INFORMATION SHOWN>

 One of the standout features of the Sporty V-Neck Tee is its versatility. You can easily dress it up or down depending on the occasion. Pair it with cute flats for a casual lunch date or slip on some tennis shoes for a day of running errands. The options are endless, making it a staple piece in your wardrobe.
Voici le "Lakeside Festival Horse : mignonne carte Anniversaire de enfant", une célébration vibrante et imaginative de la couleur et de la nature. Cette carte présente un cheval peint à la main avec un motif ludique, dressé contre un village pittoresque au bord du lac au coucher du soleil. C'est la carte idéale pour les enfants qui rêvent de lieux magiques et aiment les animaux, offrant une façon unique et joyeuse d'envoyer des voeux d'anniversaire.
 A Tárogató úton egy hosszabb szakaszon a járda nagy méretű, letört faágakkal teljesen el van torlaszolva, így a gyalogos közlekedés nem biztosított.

* * *

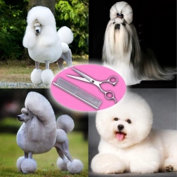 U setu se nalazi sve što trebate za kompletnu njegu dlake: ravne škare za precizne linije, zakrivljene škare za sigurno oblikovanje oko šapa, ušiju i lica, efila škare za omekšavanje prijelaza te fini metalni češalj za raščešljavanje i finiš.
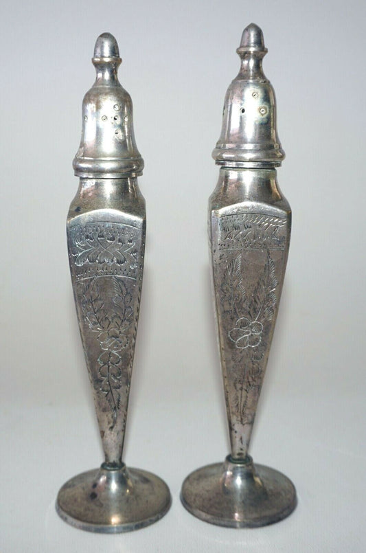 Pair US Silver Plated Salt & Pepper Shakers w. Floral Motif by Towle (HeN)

WORK TASK>
Word for word, restate the lines of the data above that fall between the line holding "des voeux d'anniversaire." and the line holding "A Tárogató úton", inclusive, and no other lines.

REPLY TO THE TASK>
Voici le "Lakeside Festival Horse : mignonne carte Anniversaire de enfant", une célébration vibrante et imaginative de la couleur et de la nature. Cette carte présente un cheval peint à la main avec un motif ludique, dressé contre un village pittoresque au bord du lac au coucher du soleil. C'est la carte idéale pour les enfants qui rêvent de lieux magiques et aiment les animaux, offrant une façon unique et joyeuse d'envoyer des voeux d'anniversaire.
 A Tárogató úton egy hosszabb szakaszon a járda nagy méretű, letört faágakkal teljesen el van torlaszolva, így a gyalogos közlekedés nem biztosított.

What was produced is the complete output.